RAW DATA:
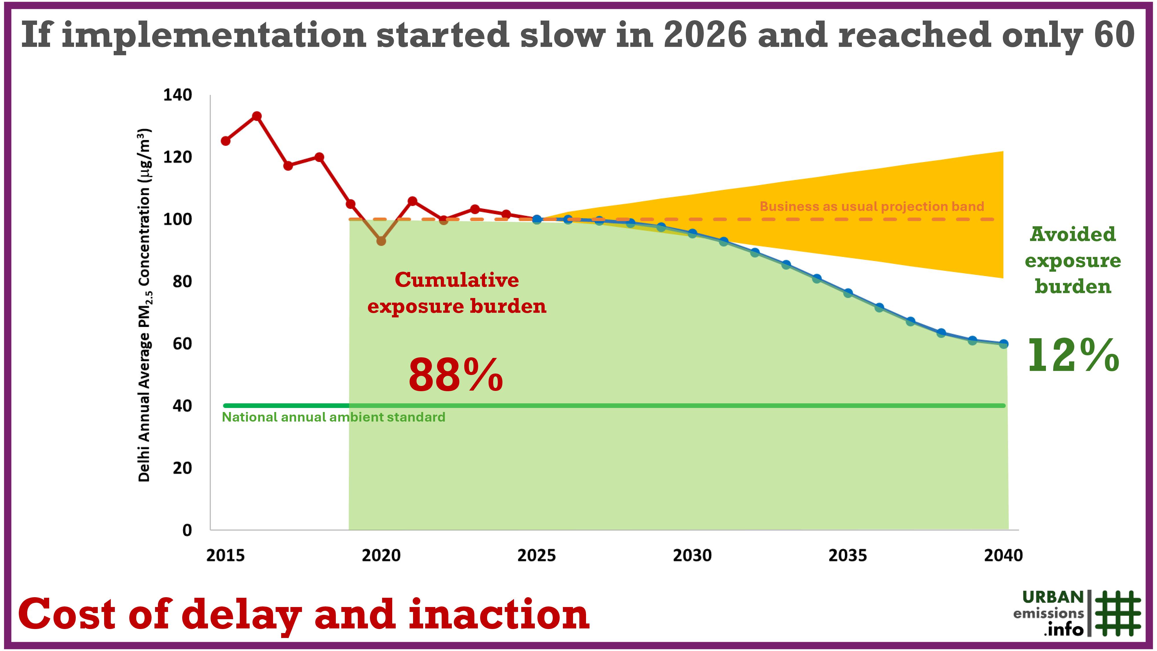 A hypothetical assessment of how Delhi’s annual averages can be 40 ug/m3 by 2040 and what is the cost of inaction and delays. Download the scenario calculator here and a power point file here.
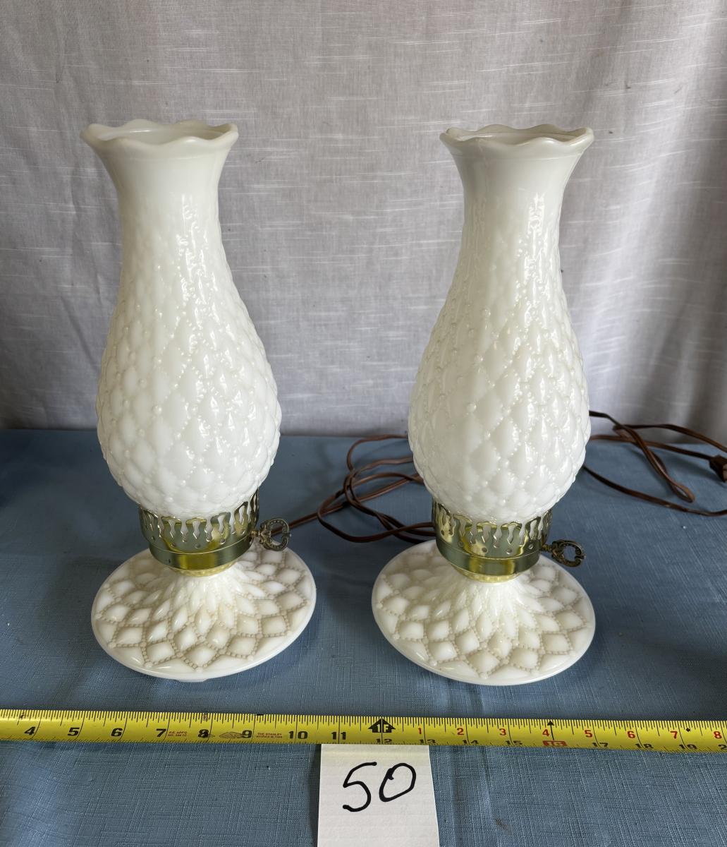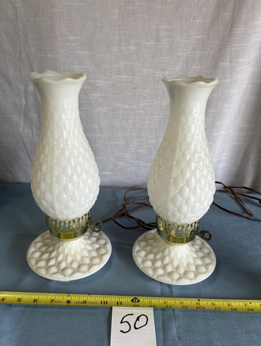Vintage White Milk Glass Hurricane Style Lamp Set
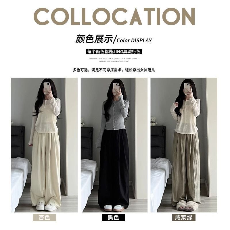 Ice Silk Yamamoto Pants Women’s Summer 2024 New Spring and Autumn High Waist Dummy Japanese Style Lazy Apricot Wide Leg Pants
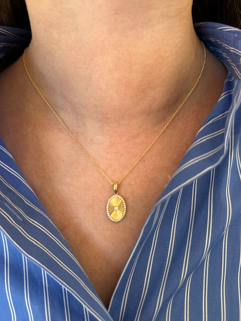 18KY FLUTED OVAL PENDANT CONTAINING 35 NATURAL EARTH MINED ROUND BRILLIANT CUT DIAMONDS TOTALING .17 CTTW SUSPENDED 18" CHAIN WITH LOBSTER CLASP

YOUR ASSIGNMENT:
Reproduce all of the data exactly; the pictures do not belong in the copy.

REPLY:
 A hypothetical assessment of how Delhi’s annual averages can be 40 ug/m3 by 2040 and what is the cost of inaction and delays. Download the scenario calculator here and a power point file here.
Vintage White Milk Glass Hurricane Style Lamp Set
 Ice Silk Yamamoto Pants Women’s Summer 2024 New Spring and Autumn High Waist Dummy Japanese Style Lazy Apricot Wide Leg Pants
 18KY FLUTED OVAL PENDANT CONTAINING 35 NATURAL EARTH MINED ROUND BRILLIANT CUT DIAMONDS TOTALING .17 CTTW SUSPENDED 18" CHAIN WITH LOBSTER CLASP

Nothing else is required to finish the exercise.